Re: [RFC PATCH 12/15] KVM: x86/mmu: Split large pages when dirty logging is enabled

David Matlack <dmatlack@xxxxxxxxxx> · Tue, 30 Nov 2021 15:56:15 -0800

On Fri, Nov 26, 2021 at 4:01 AM Peter Xu <peterx@xxxxxxxxxx> wrote:
>
> Hi, David,
>
> On Fri, Nov 19, 2021 at 11:57:56PM +0000, David Matlack wrote:
> > diff --git a/arch/x86/include/asm/kvm_host.h b/arch/x86/include/asm/kvm_host.h
> > index 2a7564703ea6..432a4df817ec 100644
> > --- a/arch/x86/include/asm/kvm_host.h
> > +++ b/arch/x86/include/asm/kvm_host.h
> > @@ -1232,6 +1232,9 @@ struct kvm_arch {
> >       hpa_t   hv_root_tdp;
> >       spinlock_t hv_root_tdp_lock;
> >  #endif
> > +
> > +     /* MMU caches used when splitting large pages during VM-ioctls. */
> > +     struct kvm_mmu_memory_caches split_caches;
>
> Are mmu_gfn_array_cache and mmu_pte_list_desc_cache wasted here?  I saw that
> "struct kvm_mmu_memory_cache" still takes up quite a few hundreds of bytes,
> just want to make sure we won't waste them in vain.

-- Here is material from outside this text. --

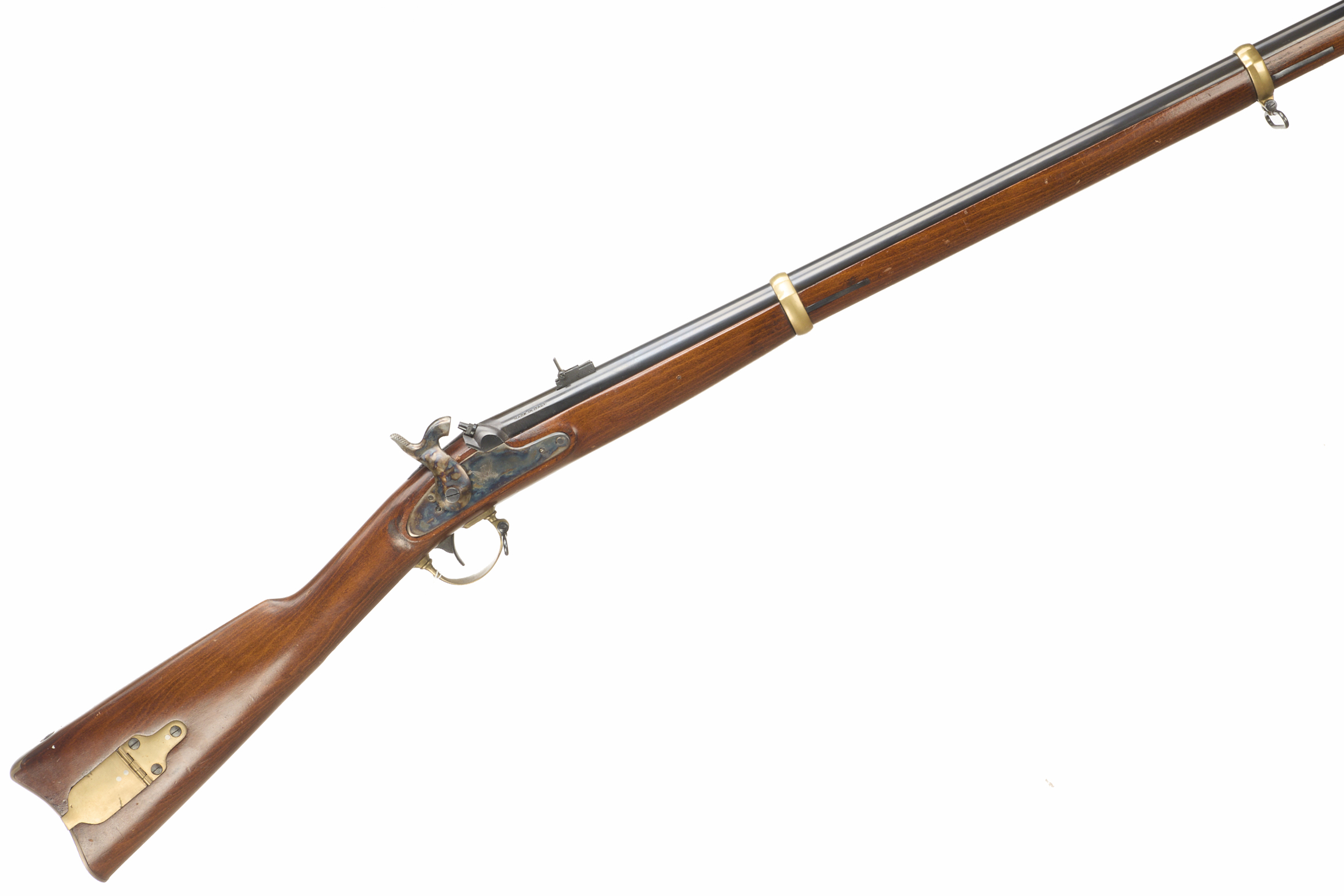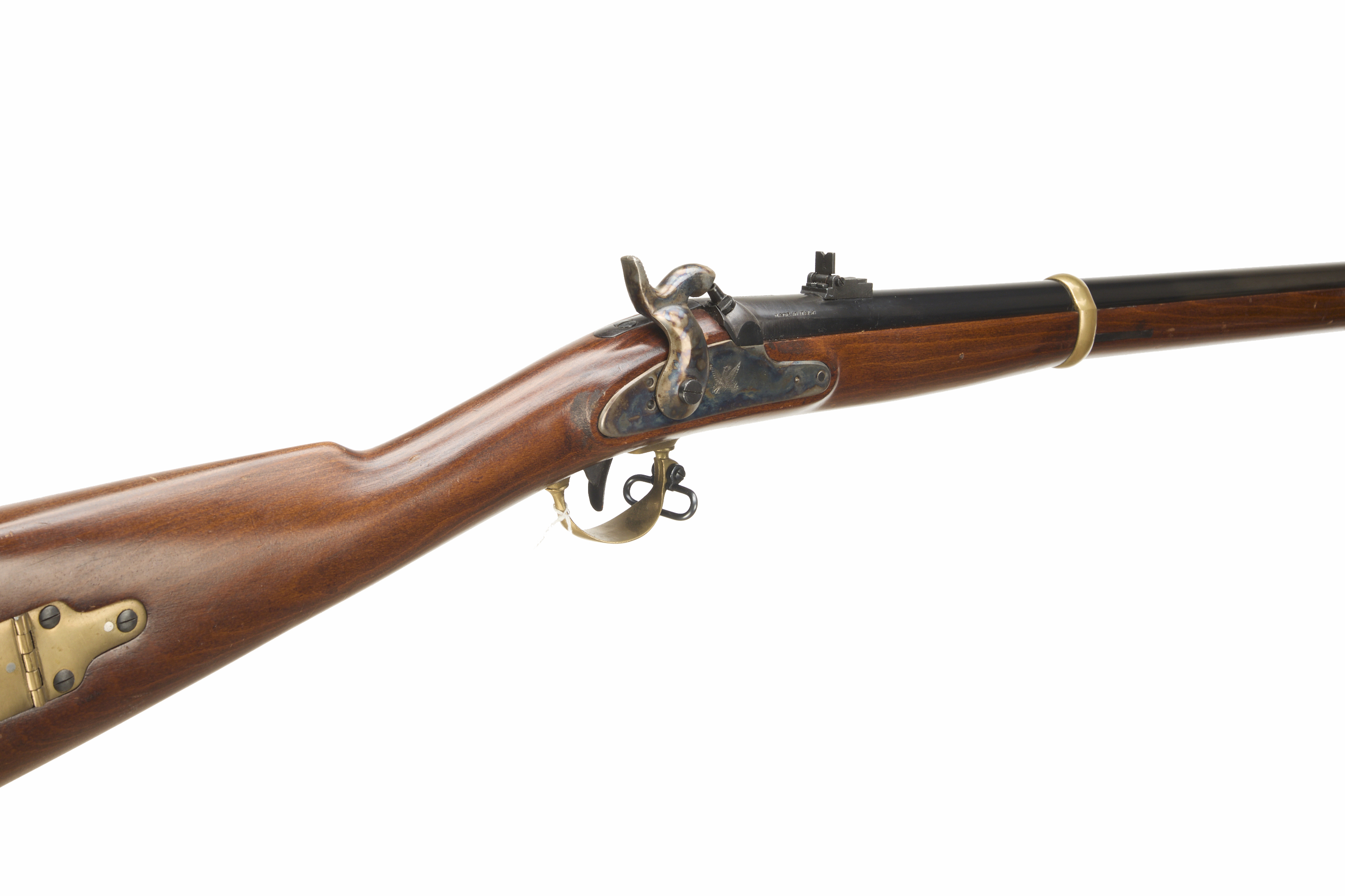 Brass butt plate, straight grip, 3/4-length stock, brass end cap, 2 barrel bands plain lock, swan-necked cock. Bead foresight, ladder rearsight , brass fittings throughout.

Yes they are wasted right now. But there's a couple of things to keep in mind:

1. They are also wasted in every vCPU (in the per-vCPU caches) that
does not use the shadow MMU.
2. They will (I think) be used eventually when I add Eager Page
Splitting support to the shadow MMU.
3. split_caches is per-VM so it's only a few hundred bytes per VM.

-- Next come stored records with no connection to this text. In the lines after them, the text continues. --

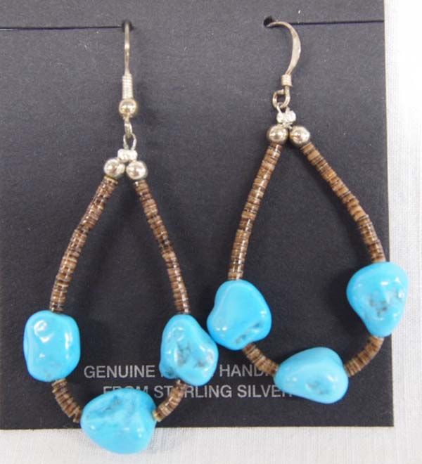 Navajo Turquoise Nugget and Heishi Bead Earrings, measure 2.5''L x 1''W, each earring features 3 turquoise nuggets each measuring .25'' x 3/8'' and heishi beads, silver bead accents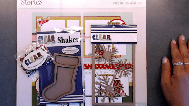 Here is the first finished layout using the Mini Shaker Stocking. It turned out so cute with the flowersoft at the top and I love the little Santa face showing through the window.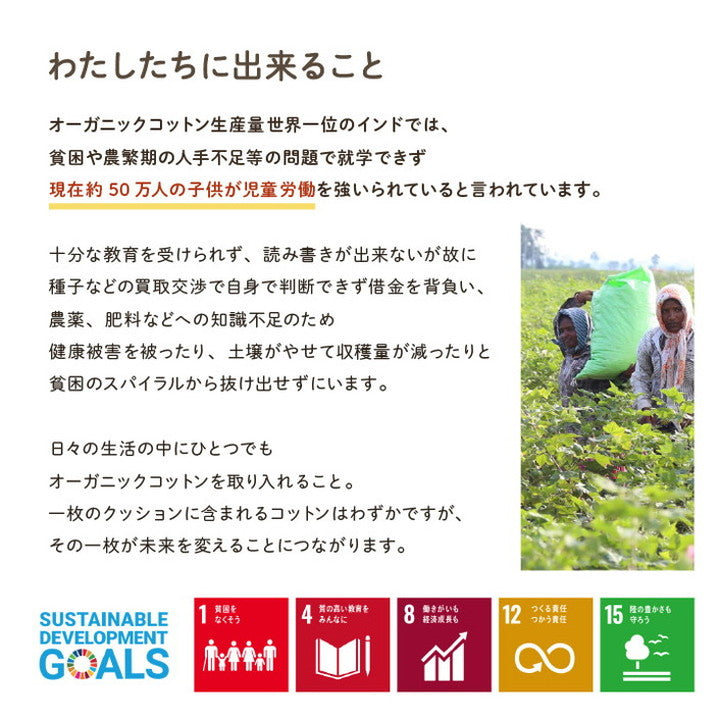インド綿100%のオーガニックコットンを使用し、ざっくりとした肌触りが特徴です。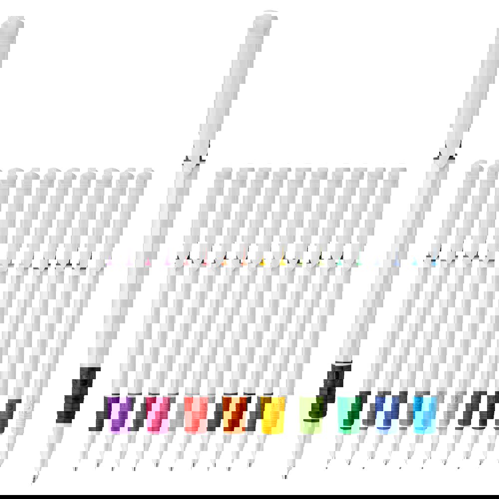 The S40 Grip ball pen is a popular pen because of the coloured part underneath printable clip which lends style and character to the pen and the grip on the pen which has the same colour as the clip. The white barrel can easily be customized with an imprint. It includes a pusher mechanism and a Toppoint jumbo refill with blue writing ink. The hardcolour pen is made of ABS and is made in Europe. From orders of 5.000 pieces, you can choose your own colour combination.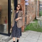 送料無料 韓国 ワンピース 長袖 秋 トランペットスリーブ Vネック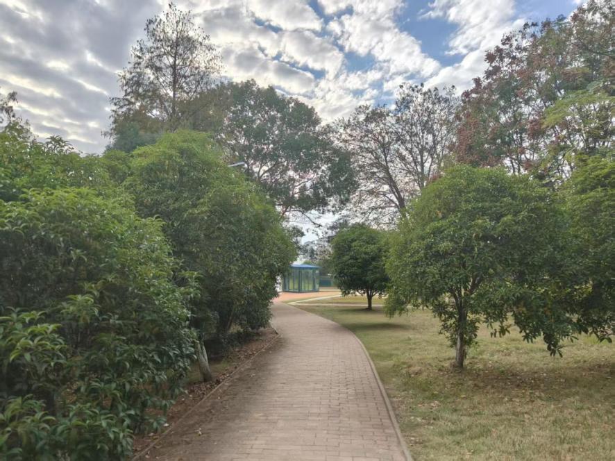 又一天,是多云。有人说,比起晴天,更喜欢多云的日子。过分张扬的阳光会在那时被云朵悄然过滤,温度恰到好处,空气温柔舒适。厚厚的云朵在天空慢慢地游动,摆着它最经典的造型轻轻地来、轻轻地去。如果说晴天的润溪湖似闪着光的镜,那多云天气的湖水便似一匹柔软的绸,宝蓝稳重、湖蓝松快、天蓝轻盈,大自然果然是最从容的调色师。此时沿湖边漫游,心中感到前所未有的平静。这是一个适合向内探索的天气,云也悠扬,风也悠扬,心灵在校园悠扬云层下也悄悄饱满起来。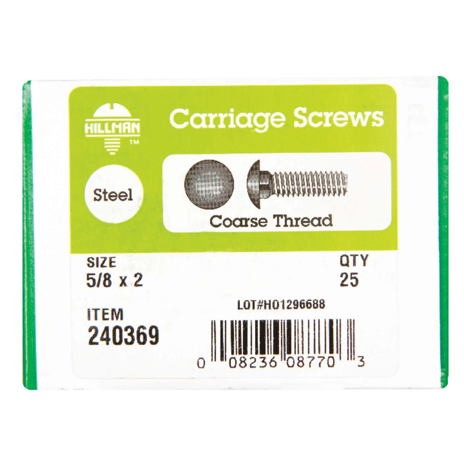 Hillman 5/8 In. X 2 In. L Zinc-Plated Steel Carriage Bolt 25 Pk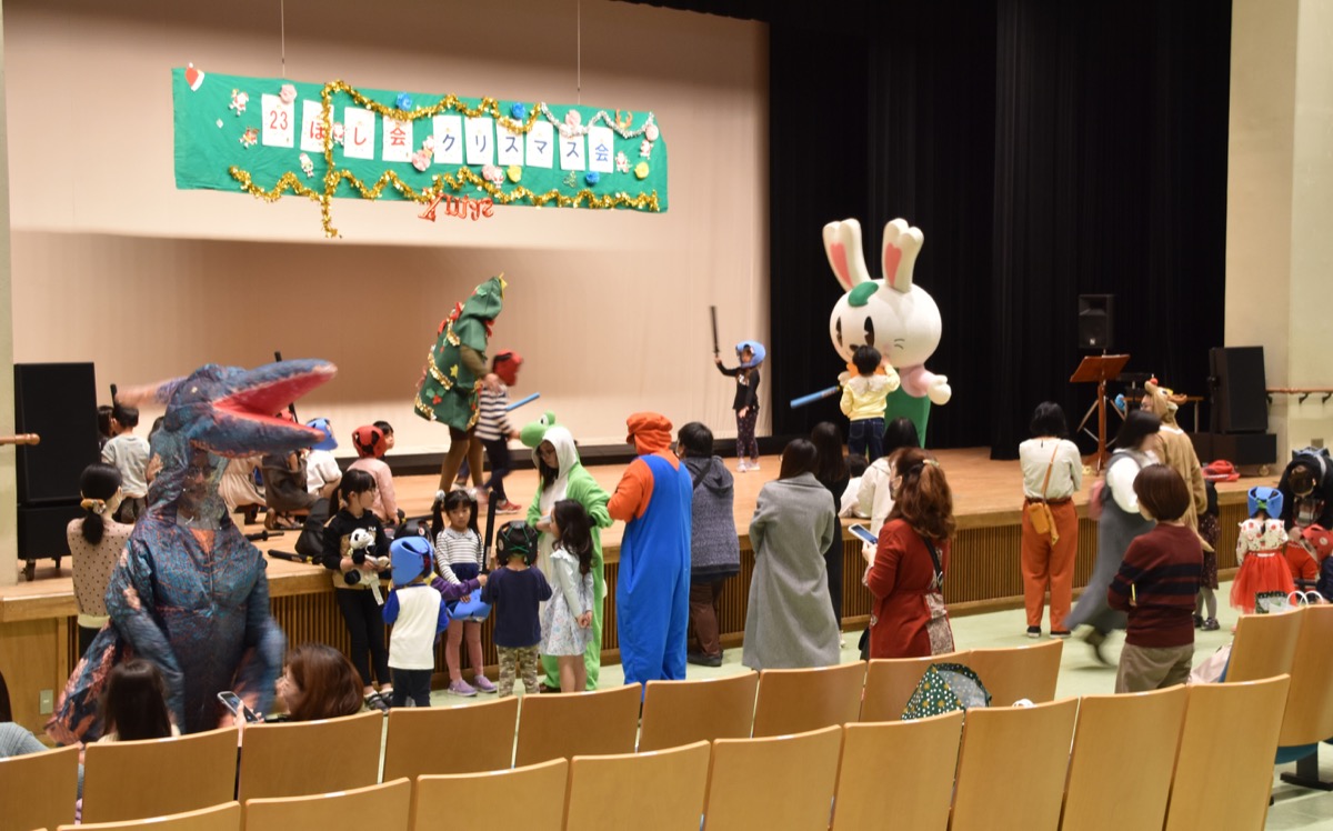 ひとり親世帯を支援しようと「クリスマス会」が12月16日、西公会堂で行われた。市内在住の保護者45人、子ども68人の計113人が参加した。

If we really want to save the memory the right way forward might be to
make each kvm_mmu_memory_cache a pointer instead of an embedded
struct. Then we can allocate each dynamically only as needed. I can
add that to my TODO list but I don't think it'd be worth blocking this
on it given the points above.

>
> [...]
>
> > +int mmu_topup_split_caches(struct kvm *kvm)
> > +{
> > +     struct kvm_mmu_memory_caches *split_caches = &kvm->arch.split_caches;
> > +     int r;
> > +
> > +     assert_split_caches_invariants(kvm);
> > +
> > +     r = kvm_mmu_topup_memory_cache(&split_caches->page_header_cache, 1);
> > +     if (r)
> > +             goto out;
> > +
> > +     r = kvm_mmu_topup_memory_cache(&split_caches->shadow_page_cache, 1);
> > +     if (r)
> > +             goto out;
>
> Is it intended to only top-up with one cache object?  IIUC this means we'll try
> to proactively yield the cpu for each of the huge page split right after the
> object is consumed.
>
> Wondering whether it be more efficient to make it a slightly larger number, so
> we don't overload the memory but also make the loop a bit more efficient.

IIUC, 1 here is just the min needed for kvm_mmu_topup_memory_cache to
return success. I chose 1 for each because it's the minimum necessary
to make forward progress (split one large page).

No matter what you pass for min kvm_mmu_topup_memory_cache() will
still always try to allocate KVM_ARCH_NR_OBJS_PER_MEMORY_CACHE
objects.

>
> > +
> > +     return 0;
> > +
> > +out:
> > +     pr_warn("Failed to top-up split caches. Will not split large pages.\n");
> > +     return r;
> > +}
>
> Thanks,
>
> --
> Peter Xu
>